29th June - 1st July 2004.

Welcome to Laos, Vientiane is the capital city and is translated as Sandalwood City. Lots of French buildings curve around the Mekong River making this place a very tranquil relaxing city.  

There are no ATM's in Laos and its not surprising when you see the money.  The largest bill is about US$1.20 but this has only just been released. The largest bill in common circulation is 5,000 kip or US 30 cents, hence the huge wads of money we were carrying around.

We stopped to see this woman who was about to get on a moped with her three carrier bags of money. Jason reckons she must have been about to buy a motorbike or something as it probably costs about a US$1,000.

Here we are outside Pha That Luang (Great Sacred Stupa). Legend has it that this place was built by the Indians in the 3rd century and contains the breastbone of the Buddha.  Either way this place looks spectacular in the sunshine.

Refreshingly, Laos people are keen to just speak to us to practice their English.

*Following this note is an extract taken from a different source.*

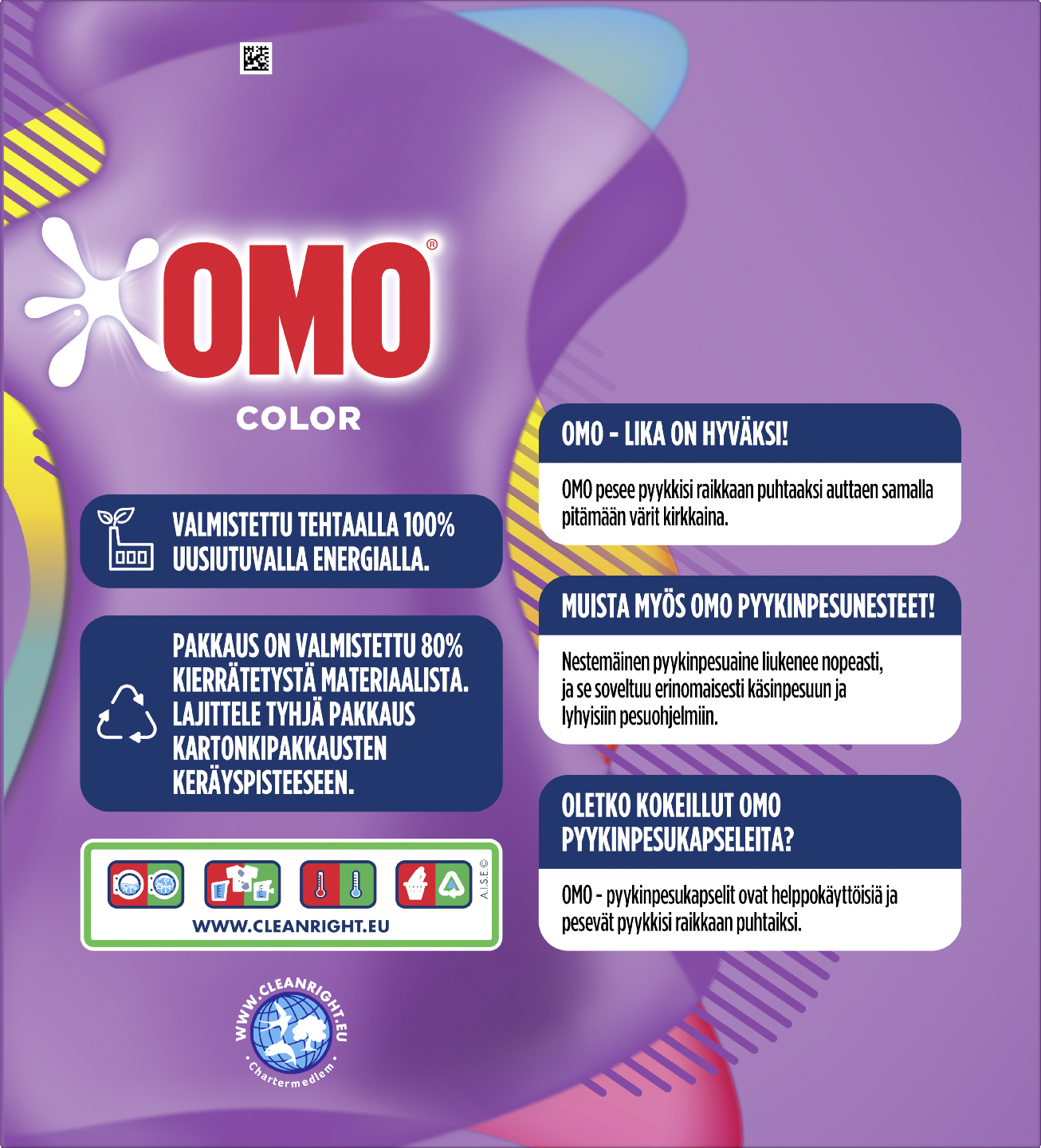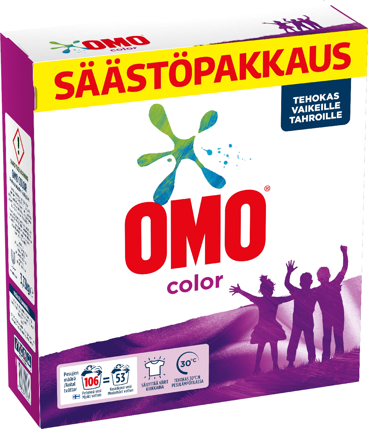 Me rakastamme värejä, minkä vuoksi olemme kehittäneet jauhemaisen Omo Colorin. Se auttaa sinua säilyttämään vaatteidesi värit ja saa ne näyttämään raikkaalta pidempään! Jauhemainen pesuaine pesee tehokkaasti vaikeasti likaantuneen pyykin ja poistaa tahrat. Jauhemainen Omo Color ei sisällä valkaisuainetta, joten se pesee hellävaroen ja auttaa pitämään värillisten tekstiilien värit kirkkaina. Värillisille vaatteille tarkoitettu pesuaineemme on tietenkin saatavana myös herkälle iholle sopivampana Sensitive-versiona. Omo Color -pyykinpesujauhe on tehokas myös matalissa pesulämpötiloissa ja pikapesuohjelmissa. Se soveltuu erinomaisesti myös vaikeiden tahrojen esikäsittelyyn ja käsinpesuun. Omo Color -pesuaine valmistetaan pohjoismaisessa tehtaassa, joka käyttää 100 % uusiutuvaa energiaa. Omo Color pesuaineen edut: Tehokas vaikeille tahroille. • Säilyttää vaatteen värit. • Tehokas 30 °C:ssa. • Tehokas lyhyissä pesuohjelmissa • Valmistettu tehtaassa, joka käyttää 100 % uusiutuvaa energiaa. Omo – Lika on hyväksi! Ole tiukka tahroille – ja ystävällisempi ympäristölle. Kestävyys huolestuttaa meitä kaikkia yhä enemmän. Siksi me Omolla tutkimme tarkkaan, mistä raaka-aineemme ovat peräisin, ja kyseenalaistamme tuotantomenetelmämme parantaaksemme tuotteitamme ja suojellaksemme planeettaamme. Haluamme varmistaa, että pesuaineemme – jauheemme, nesteemme ja tablettimme – tekevät arjesta helpompaa. Lisäksi haluamme, että ne ovat parempia ympäristölle. Näin vähennämme ympäristövaikutustamme vaarantamatta kuitenkaan tuotteidemme laatua. Kaikki pakkauksemme ovat 100 % kierrätettäviä, ja suurin osa pulloistamme on tehty 97 % kerrätetystä muovista. Lisäksi kartonkipakkauksemme ovat 100 % kierrätettyä kuitua.

It took some getting used to as we are normally on our guard waiting for the next begging/scam.  This boy spoke to Jason for half an hour practising his English. 

Pepsi... keeping these monks out of the sun all afternoon.

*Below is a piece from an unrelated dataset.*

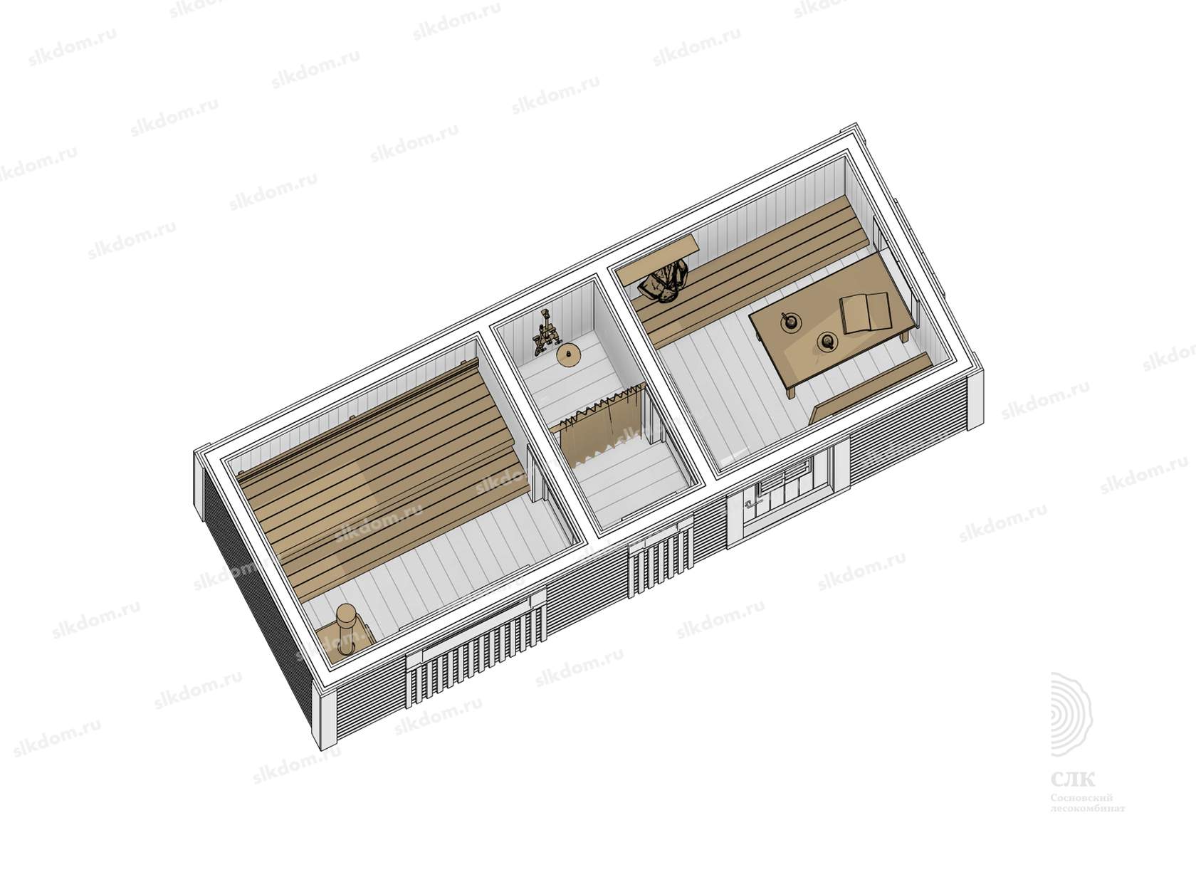 Внутрь уложен утеплитель из каменной ваты базальтовой породы толщиной 100 мм, внутренние перегородки также заполняются утеплителем как и внешние. Защитный слой пароизоляции наружный и внутренний, в парном помещении внутренний слой заменяется на фольгированную пароизоляцию с теплоотражающим покрытием.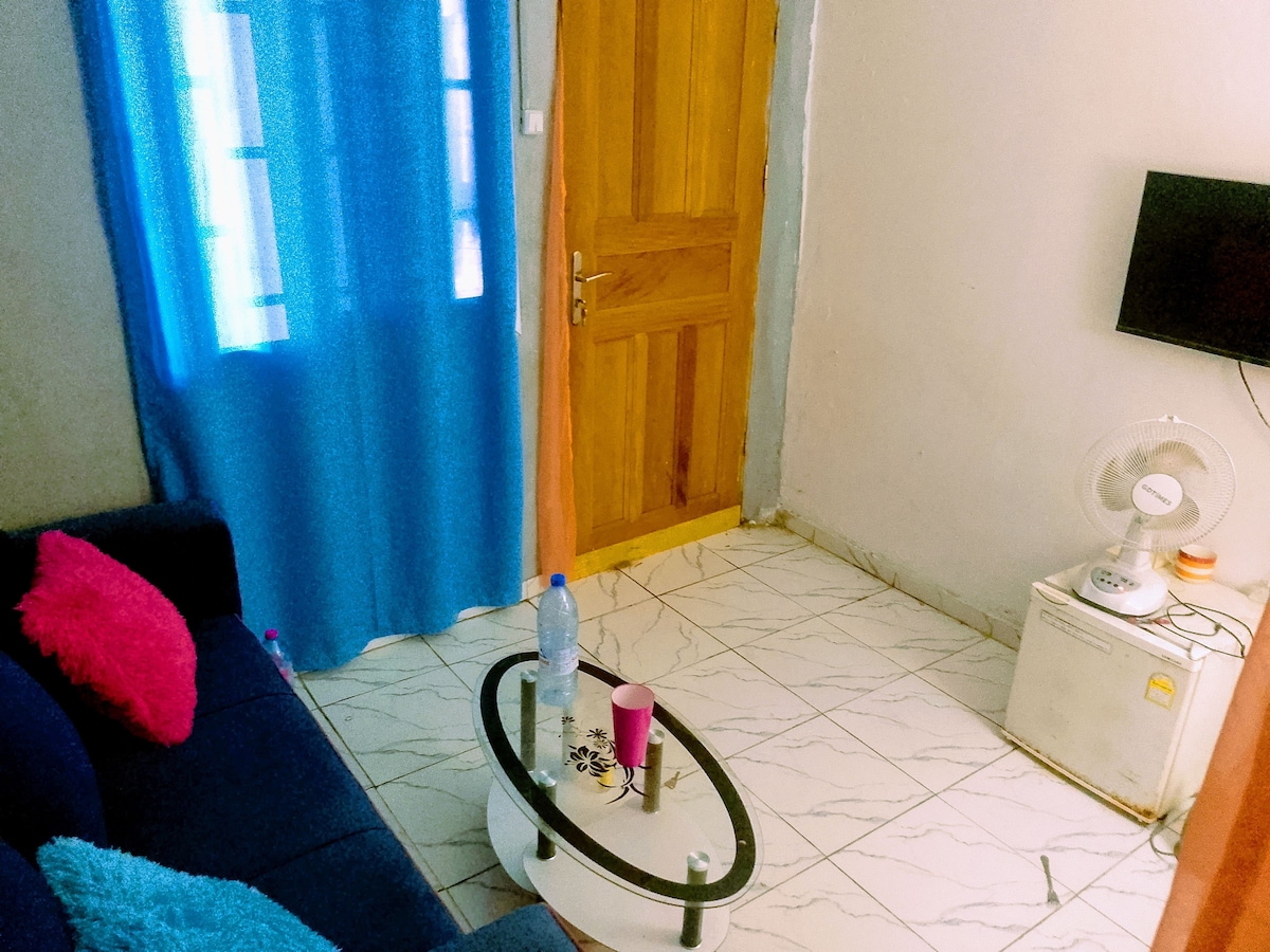 Quiet and friendly space offering good value. This room is on the first floor of a fenced-in building. The listing is less than a minute's walk from the main road. Many Shops, Restaurants, and Supermarkets are in the vicinity. The location is perfect for all your trips in the city of Douala.

Wat Si Saket was built in 1818 and is the oldest temple, we don't have a good photo of the temple so you can see some more Buddhas.

Haw Pha Kaew is the former temple and there are lots of bronze Buddhas... again no pictures are allowed inside as people might see that the national treasures are decaying and not particularly secure.

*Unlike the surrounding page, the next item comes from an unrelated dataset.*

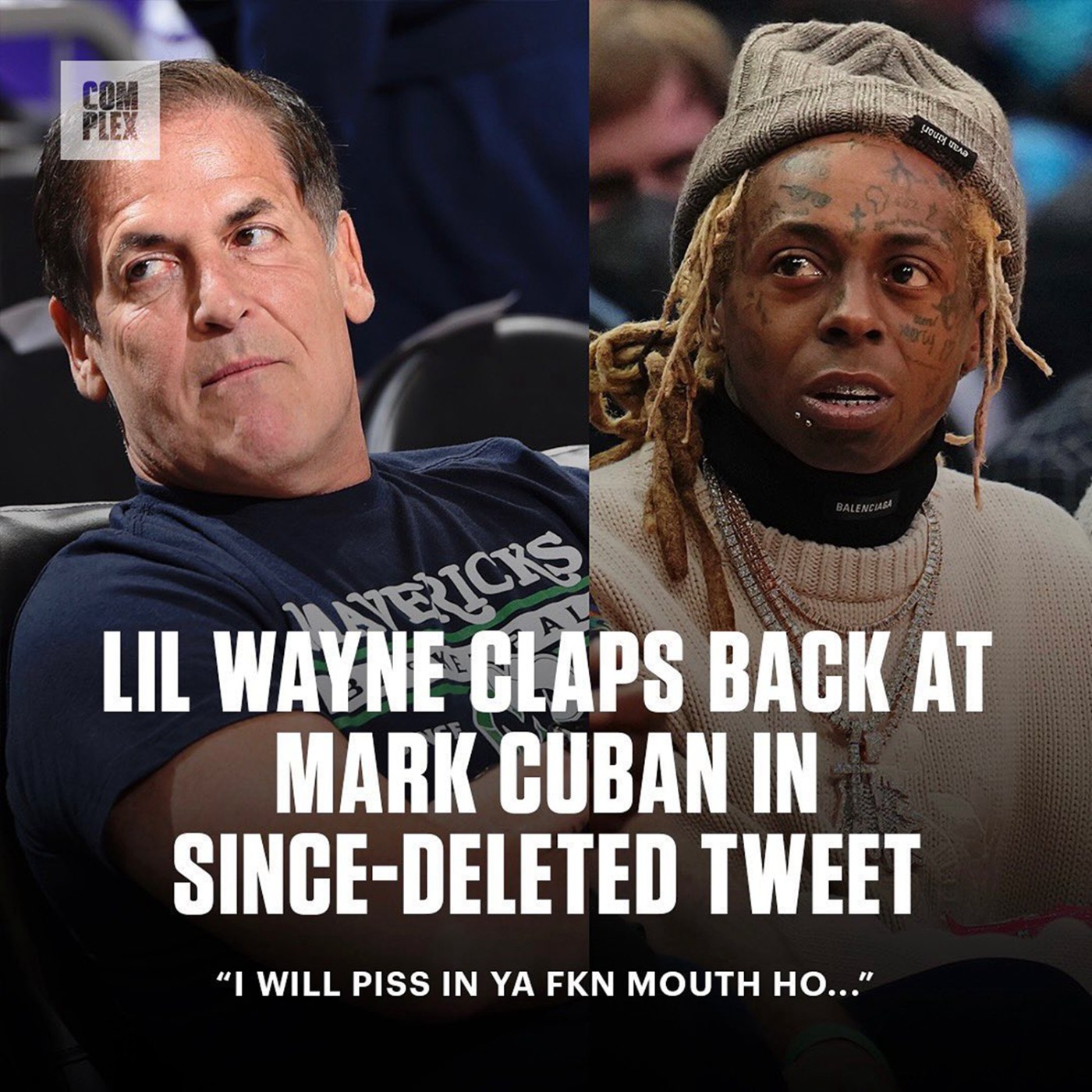 这一举动显然激怒了韦恩,在推上爆粗回应库班:I will piss in ya fkn mouth ho (我要尿你一嘴),不过很快就将这条推删除了。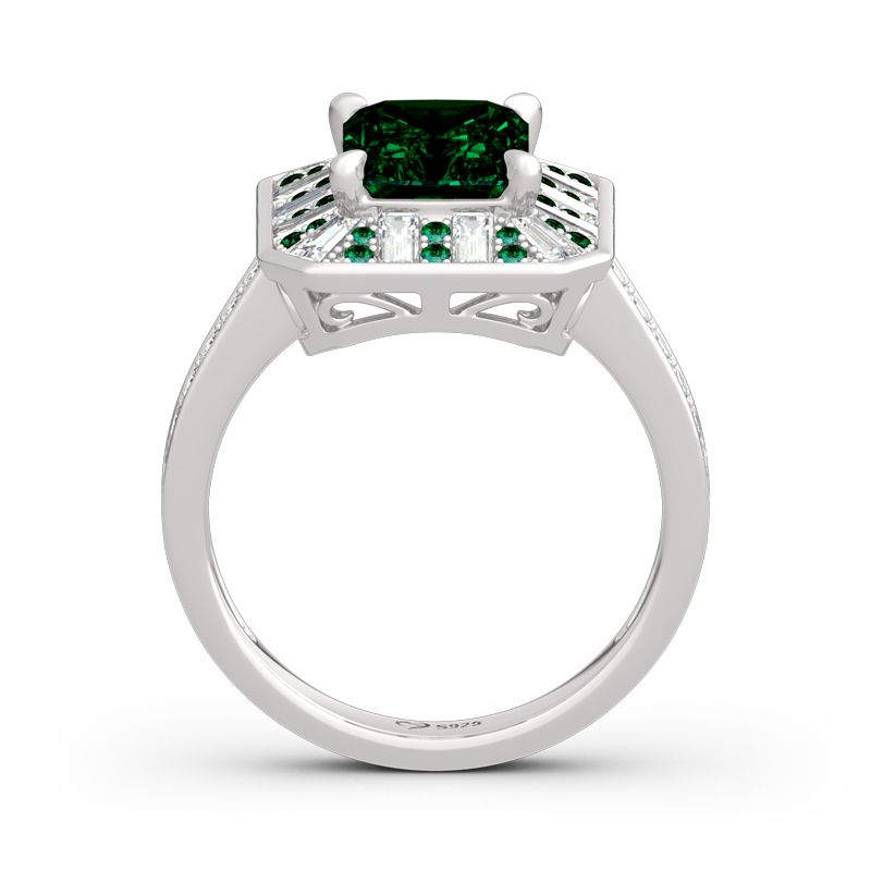 You won’t be able to take your eyes away from this exquisite and elegant ring. Crafted in sterling silver, this shimmering ring features a princess-cut center stone that artfully set to enhance size and sparkle. The additional round and emerald stones line the gracefully crossover shank. This engagement ring is destined to be treasured. All…

Then there is a Buddha park just outside Vientiane. We got there on a very bumpy motorbike ride where the road would often disintegrate. Claire would have to cling on for dear life as Jason would not see some huge tracks of missing road instead opting for motorbike jumping. The park was made by this SEA-hippy who taught locals how to carve many unusual religious statues.

Claire by the Patuxai - a large monument reminiscent of the French Arc de Triumphe in Paris. It was built in the 1960's by cement that was donated by the US that was meant to be used to build a new airport.

Wat Si Muang - Claire plays with the local kids.

This woman carries home the cities rubbish so that she can work her way through it that evening.

Tuk tuk drivers have it so hard. Normal practise is to charge three times the price of a trip and hope that some sucker will take them up on an option.  Thus leaving plenty of time for sleep.